[Material for this exercise — start]

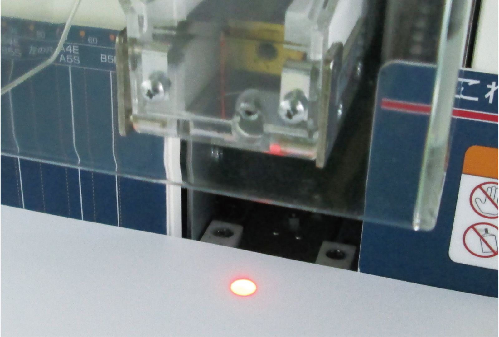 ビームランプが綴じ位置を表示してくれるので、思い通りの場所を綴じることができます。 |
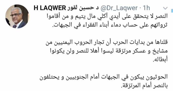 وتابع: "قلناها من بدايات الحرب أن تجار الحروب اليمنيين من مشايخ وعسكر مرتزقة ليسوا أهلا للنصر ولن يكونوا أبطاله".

[Material for this exercise — finish]
[Material for this exercise — start]

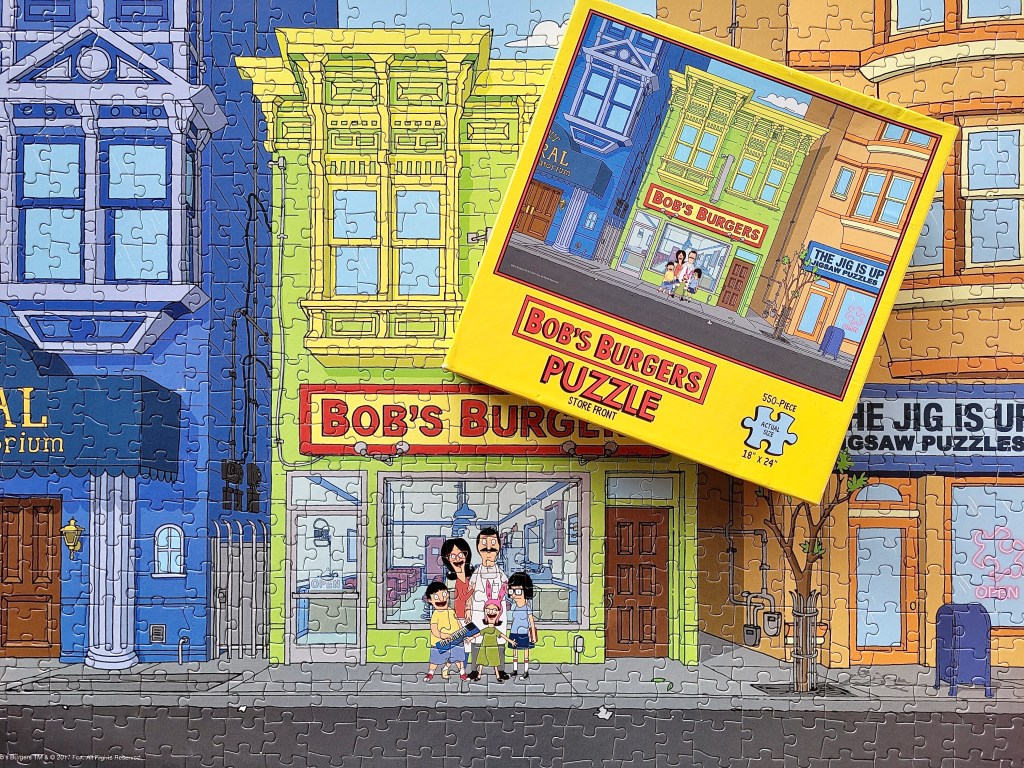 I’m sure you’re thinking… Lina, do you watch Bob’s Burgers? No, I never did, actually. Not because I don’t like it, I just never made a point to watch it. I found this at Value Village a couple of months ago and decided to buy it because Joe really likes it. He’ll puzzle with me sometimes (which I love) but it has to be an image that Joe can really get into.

[Material for this exercise — finish]
[Material for this exercise — start]

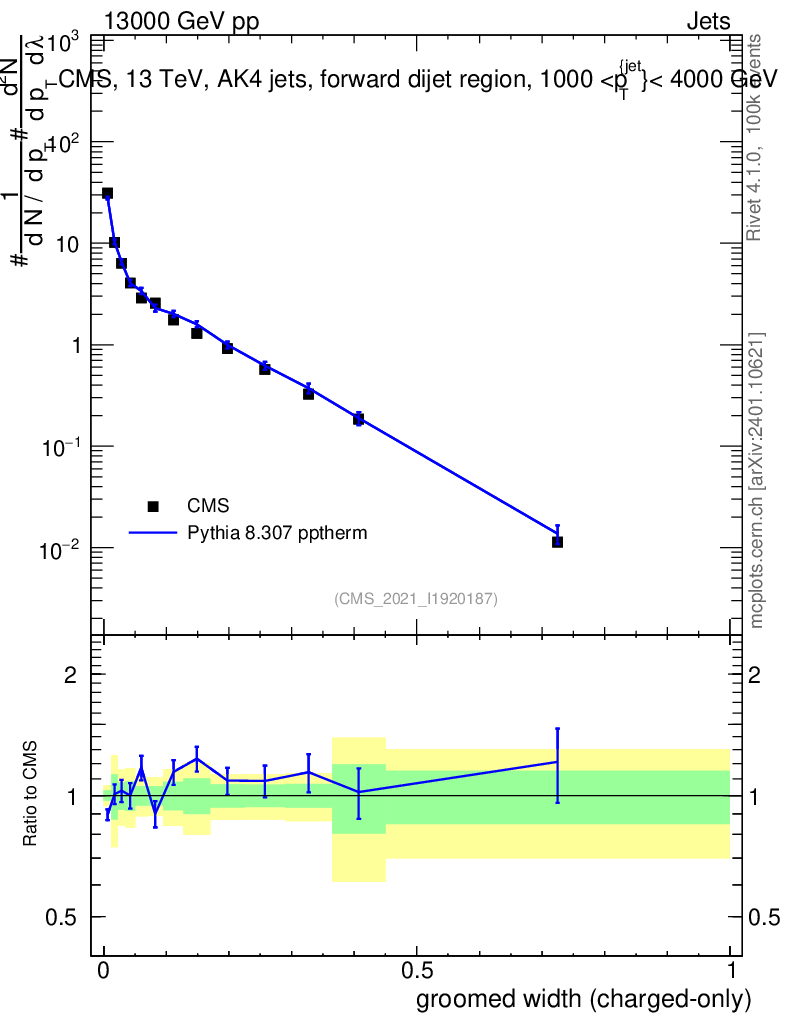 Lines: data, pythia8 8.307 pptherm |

[Material for this exercise — finish]

Precisely those lines above that run from the line with "ビームランプが綴じ位置を表示" up to and including the line with "من بدايات الحرب" are to be set down, with the pictures omitted.

#### [Answer for this exercise]
 ビームランプが綴じ位置を表示してくれるので、思い通りの場所を綴じることができます。 |
 وتابع: "قلناها من بدايات الحرب أن تجار الحروب اليمنيين من مشايخ وعسكر مرتزقة ليسوا أهلا للنصر ولن يكونوا أبطاله".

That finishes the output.